Why Phones?

What made people into phone phreaks? What was their motivation for hacking the phone system, even when some of them faced harsh consequences?

One reason was simply to explore. The phone system was the only computer network accessible to most people in the 60s and 70s, and their hacker nature compelled its exploration. It was accessed using audio signals, so they could make their own equipment. It was shoddily protected, and when exploits were found, the providers often tried to guard it with legal threats, making it almost mandatory to look for further compromises.

Another reason was to steal service for whatever reason, of course, including getting free calls and creating community spaces for them to interact.

A further well-publicized reason was the justification of fighting The Man. There are always reasons to hate the phone company, of course, including civil liberty violations which continue today. The monopolistic nature of the providers in the 60s and 70s made it easy to regard the phone company as another tentacle of the government, and phreaking was considered part of the fight against the gears of the war machine, with phreaker groups organized as offshoots of the Yippies.

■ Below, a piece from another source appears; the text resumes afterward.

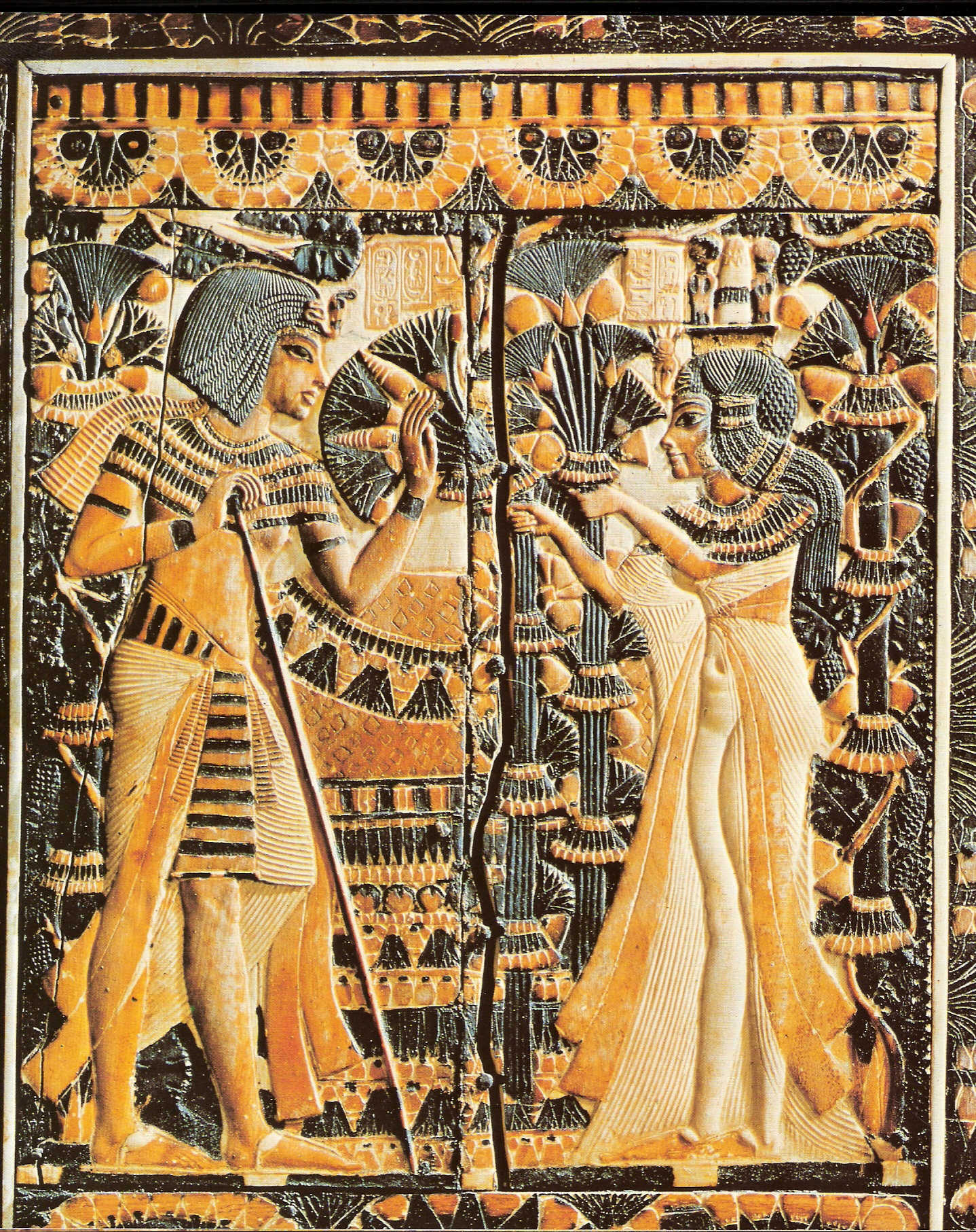 Tutankhamun receives flowers from Ankhesenamun. This image is on the lid of a box found in Tut's tomb.

I have always considered phreaking to be similar to fare evasion on public transportation. When I was hopping turnstiles in Chicago as a youth, there was a push to make the CTA free as a social service, with claims that 90 percent of fare money collected being spent to handle the money itself. Planka, a modern-day group in Sweden an Norway, has a similar agenda. Members pay dues and commit to sneak on to public transportation whenever they can, and in return get legal assistance if they are caught. If the government doesn’t want to socialize a service, fine - the people can do it for them. The feeling of stealing service with one’s wiles is a rush, especially if it can be justified with logic, however tortured, and now that I have fully repented of my sordid criminal past, I will miss the secret passages I ferreted out on the El and the payment card hacks I learned on the Bart.

Futel is quite different from phone phreaks and other urban hackers in its most basic operation, of course. For one, we buy our service and give it away. But we are inspired by them and share similar motivation, in exploring ways to use the machine we all live in by repurposing its parts.

For an excellent history of the phone phreak movement, read Exploding the Phone by Phil Lapsley.